# [Work request]
Copy the records below exactly, leaving out every picture.

# [Data extracted from a collection]
——————

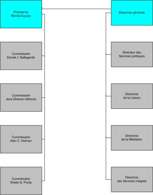 La CRPI est actuellement composée d'une présidente à temps partiel et de quatre commissaires à temps partiel. Les commissaires sont appuyés dans leur travail par le personnel de la Commission, dirigé par une directrice générale. Le Comité de gestion est composé de la directrice générale, du directeur des Services juridiques, de la directrice de la Liaison, de la directrice de la Médiation et de la directrice des Services intégrés.
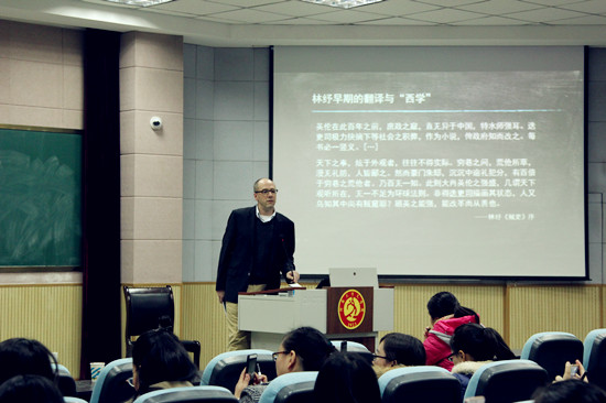 12月13-22日,美国威廉玛丽学院Michael Hill(中文名:韩嵩文)教授在文学馆二楼报告厅做了“美国高等教育与文科的未来”“清末文学与《一千零一夜》的翻译”等五场讲座,文学院、新闻与传播学院、国际教育学院部分师生参加了此次活动。讲座由文学院副院长王宏林主持。
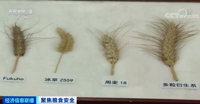 中国农科院作物作物科学研究所种质资源中心主任 李立会: 冰草是小麦的野生种,一个穗能结300粒以上,通常品种40粒左右,我们通过与小麦之间的杂交创造出了一个新的种质,育种家利用它就能培育出高产的品种,能够增产16%以上。
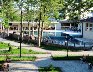 На территории базы отдыха работают столовая и кафе. В распоряжении отдыхающих открытый бассейн, скамейки для отдыха, охраняемая парковка. Гостям доступны услуги прачечной и беспроводной интернет. В пансионате устраиваются кинопоказы, есть конференц-зал для проведения деловых мероприятий и встреч. Для детей организована игровая площадка, детский бассейн, работает видеозал, проводятся анимационные программы. Малышам предоставляются стульчики для кормления, кроватки и прогулочные коляски.
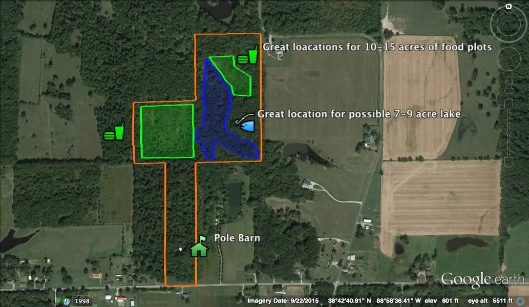 This 40 +/- acres in Southern Illinois has a great set up and hunts more like 60-70 acres than 40. The south 10 +/- acres has a little road frontage with a locked gate leading to a nice 30x40 pole barn that would be perfect to make a half cabin and half storage for equipment.
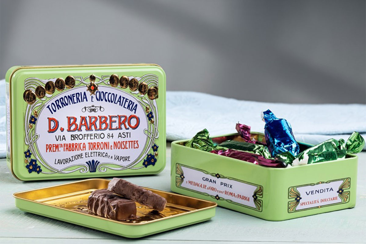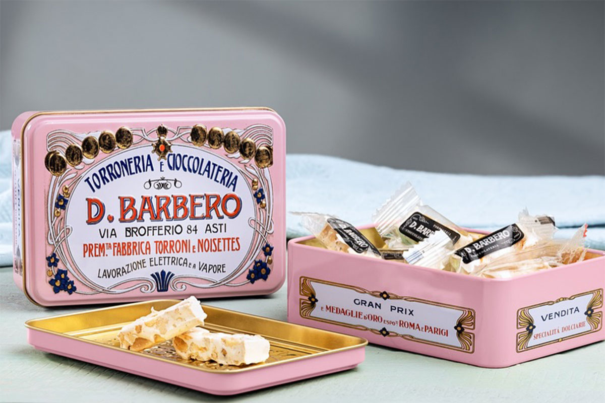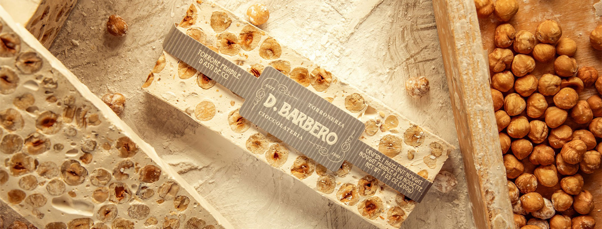 Mombercelli d'Asti, 1838: Filippo Barbero, confetturiere, inizia una storia di famiglia. Il figlio Melchiorre, nel 1883, fonda la ditta di produzione di torroni. Oggi, sette generazioni dopo, il torrone friabile Barbero è un'icona: nocciole Piemonte Igp (51%), miele millefiori locale e albume fresco, cotti a vapore per circa 7 ore e riposti a mano in stampi di faggio.

——————

# [Written answer]
 La CRPI est actuellement composée d'une présidente à temps partiel et de quatre commissaires à temps partiel. Les commissaires sont appuyés dans leur travail par le personnel de la Commission, dirigé par une directrice générale. Le Comité de gestion est composé de la directrice générale, du directeur des Services juridiques, de la directrice de la Liaison, de la directrice de la Médiation et de la directrice des Services intégrés.
 12月13-22日,美国威廉玛丽学院Michael Hill(中文名:韩嵩文)教授在文学馆二楼报告厅做了“美国高等教育与文科的未来”“清末文学与《一千零一夜》的翻译”等五场讲座,文学院、新闻与传播学院、国际教育学院部分师生参加了此次活动。讲座由文学院副院长王宏林主持。
 中国农科院作物作物科学研究所种质资源中心主任 李立会: 冰草是小麦的野生种,一个穗能结300粒以上,通常品种40粒左右,我们通过与小麦之间的杂交创造出了一个新的种质,育种家利用它就能培育出高产的品种,能够增产16%以上。
 На территории базы отдыха работают столовая и кафе. В распоряжении отдыхающих открытый бассейн, скамейки для отдыха, охраняемая парковка. Гостям доступны услуги прачечной и беспроводной интернет. В пансионате устраиваются кинопоказы, есть конференц-зал для проведения деловых мероприятий и встреч. Для детей организована игровая площадка, детский бассейн, работает видеозал, проводятся анимационные программы. Малышам предоставляются стульчики для кормления, кроватки и прогулочные коляски.
 This 40 +/- acres in Southern Illinois has a great set up and hunts more like 60-70 acres than 40. The south 10 +/- acres has a little road frontage with a locked gate leading to a nice 30x40 pole barn that would be perfect to make a half cabin and half storage for equipment.
 Mombercelli d'Asti, 1838: Filippo Barbero, confetturiere, inizia una storia di famiglia. Il figlio Melchiorre, nel 1883, fonda la ditta di produzione di torroni. Oggi, sette generazioni dopo, il torrone friabile Barbero è un'icona: nocciole Piemonte Igp (51%), miele millefiori locale e albume fresco, cotti a vapore per circa 7 ore e riposti a mano in stampi di faggio.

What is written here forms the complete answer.